*TASK INSTRUCTIONS*
Repeat the entries below exactly, pictures excluded.

*MATERIAL SUPPLIED*

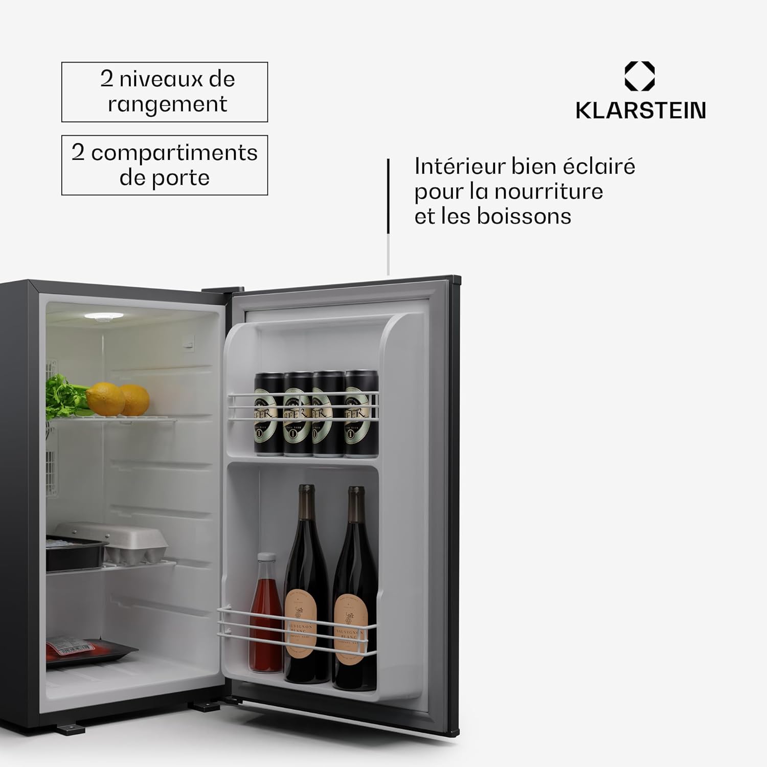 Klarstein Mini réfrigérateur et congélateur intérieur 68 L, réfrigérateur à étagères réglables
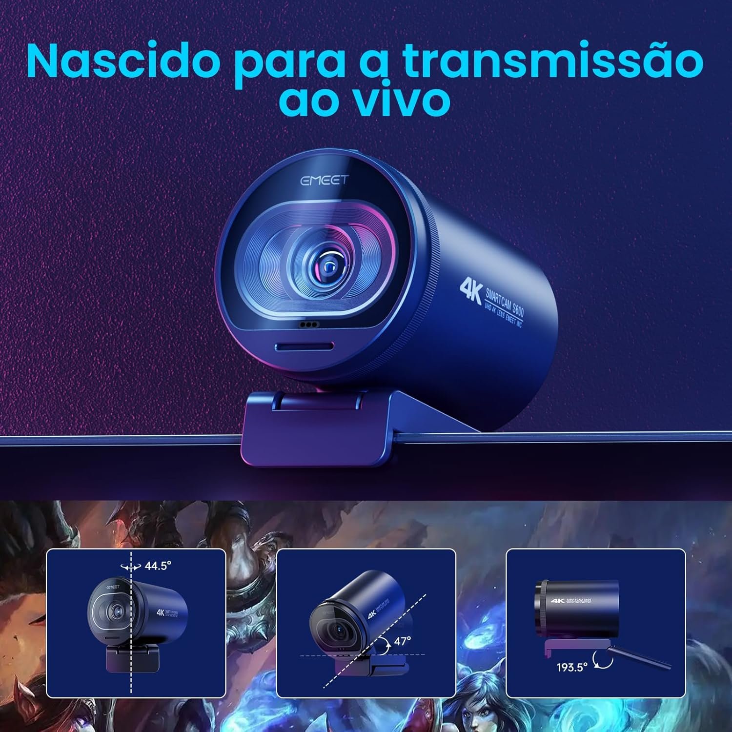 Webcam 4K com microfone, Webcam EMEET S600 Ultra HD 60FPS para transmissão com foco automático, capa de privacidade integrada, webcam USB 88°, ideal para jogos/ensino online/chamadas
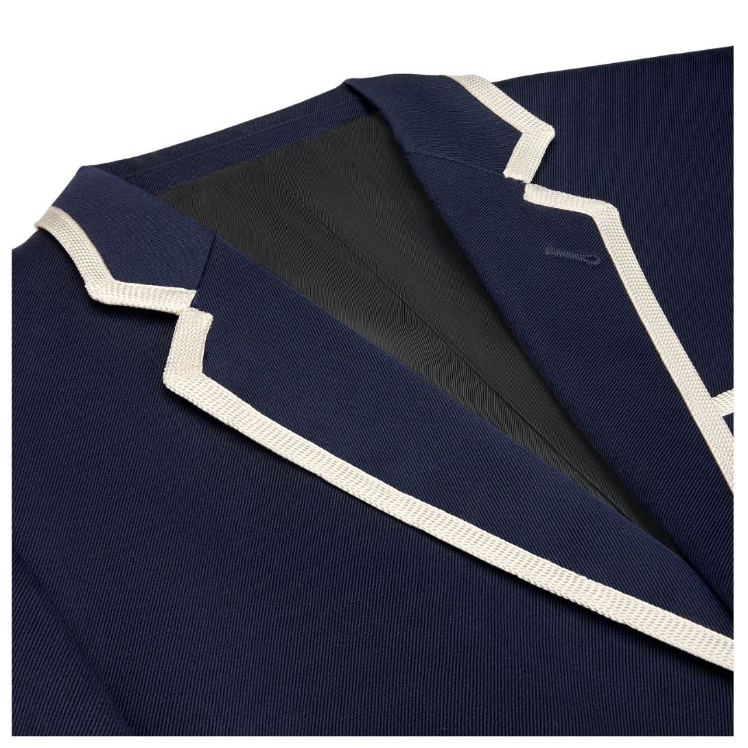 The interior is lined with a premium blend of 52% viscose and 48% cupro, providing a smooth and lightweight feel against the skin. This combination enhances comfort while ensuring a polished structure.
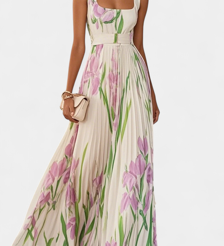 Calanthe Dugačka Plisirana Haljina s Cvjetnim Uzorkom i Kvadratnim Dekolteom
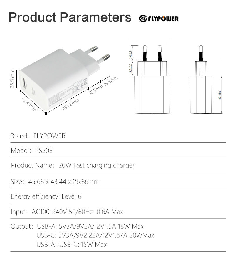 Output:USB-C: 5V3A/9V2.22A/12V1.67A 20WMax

*SOLUTION TO THE PROBLEM*
 Klarstein Mini réfrigérateur et congélateur intérieur 68 L, réfrigérateur à étagères réglables
 Webcam 4K com microfone, Webcam EMEET S600 Ultra HD 60FPS para transmissão com foco automático, capa de privacidade integrada, webcam USB 88°, ideal para jogos/ensino online/chamadas
 The interior is lined with a premium blend of 52% viscose and 48% cupro, providing a smooth and lightweight feel against the skin. This combination enhances comfort while ensuring a polished structure.
 Calanthe Dugačka Plisirana Haljina s Cvjetnim Uzorkom i Kvadratnim Dekolteom
 Output:USB-C: 5V3A/9V2.22A/12V1.67A 20WMax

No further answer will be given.